Hi im a 15yr old bike racer from belgium.. like everyone i want to get the best out of my performances.. so far so good. This year i was 1st year u17 so now i will be 2nd year u 17 and i wanna perform.. someone has tips on what to do and what not to do? Guess i’m already on a good level. Shoot some tips


Verzonden vanaf mijn iPhone met Tapatalk


----------



## williamdenys (Nov 19, 2018)

williamdenys said:


> Hi im a 15yr old bike racer from belgium.. like everyone i want to get the best out of my performances.. so far so good. This year i was 1st year u17 so now i will be 2nd year u 17 and i wanna perform.. someone has tips on what to do and what not to do?
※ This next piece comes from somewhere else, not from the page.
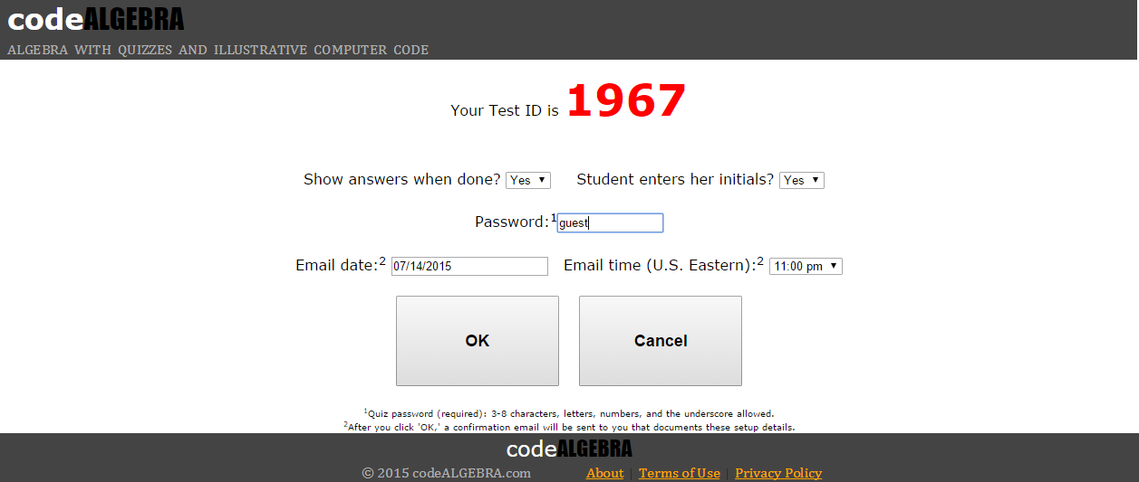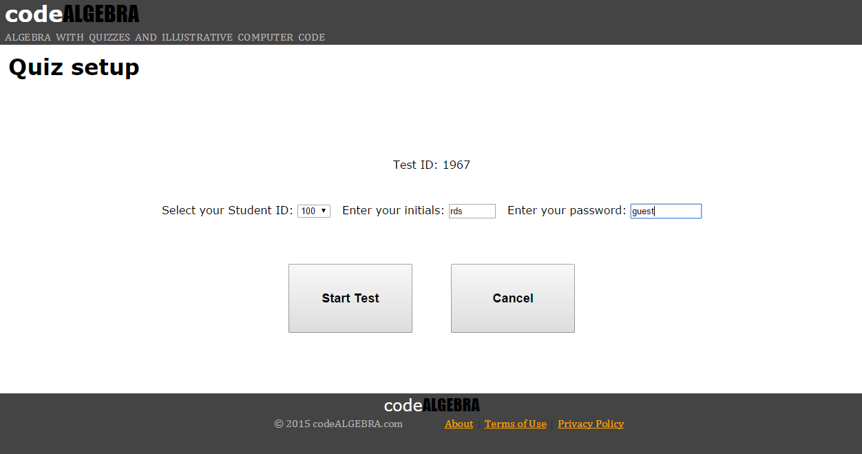 9. Finally, give your students their individual Student ID numbers, the Test ID number, and the quiz Password.

Guess i’m already on a good level. Shoot some tips
> 
> 
> Verzonden vanaf mijn iPhone met Tapatalk



Verzonden vanaf mijn iPhone met Tapatalk


----------



## kiwisimon (Oct 30, 2002)

https://roadcyclinguk.com/how-to/fi...spiring-young-riders.html#qoEYBYhWPGr4Cx4H.97

start here. Good luck.


----------



## Peter P. (Dec 30, 2006)

Belgium is a cycling-crazy nation, and you want advice from a predominantly American forum?!
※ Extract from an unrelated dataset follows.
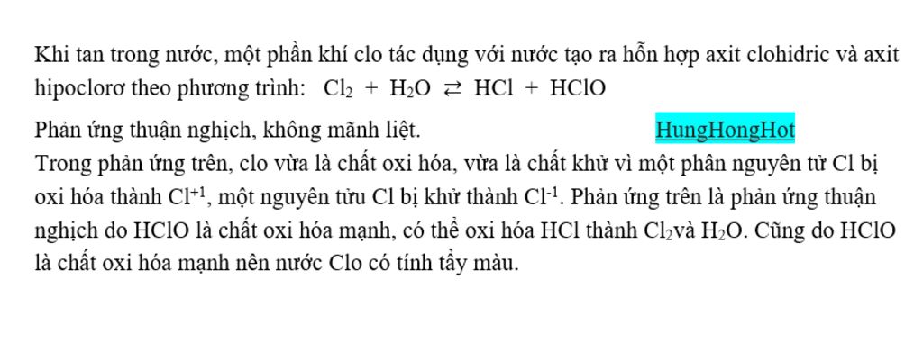 `->` $\rm Cl_2$ không phản ứng mãnh liệt với $\rm H_2O$ , cụ thể có là phản ứng này là phản ứng thuận nghịch , không dống như $\rm Na$ khi gặp nước sẽ phản ứng rất mãnh liệt .

Don't listen to us; listen to your countrymen. How else did Belgium produce such great cyclists?!


----------



## williamdenys (Nov 19, 2018)

Peter P. said:


> Belgium is a cycling-crazy nation, and you want advice from a predominantly American forum?!
> 
> Don't listen to us; listen to your countrymen. How else did Belgium produce such great cyclists?!


Yes... but hard to find people with good meanings and knowledge


Verzonden vanaf mijn iPhone met Tapatalk


----------



## Peter P. (Dec 30, 2006)

williamdenys said:


> Yes... but hard to find people with good meanings and knowledge


Very well. Then may I recommend some of the excellent, comprehensive books on cycling training. My tip is to collect these books, and many others, keep them as reference material.

"The Cyclist's Training Bible" by Joe Friel

"Base Building for Cyclists" by Thomas Chapple


----------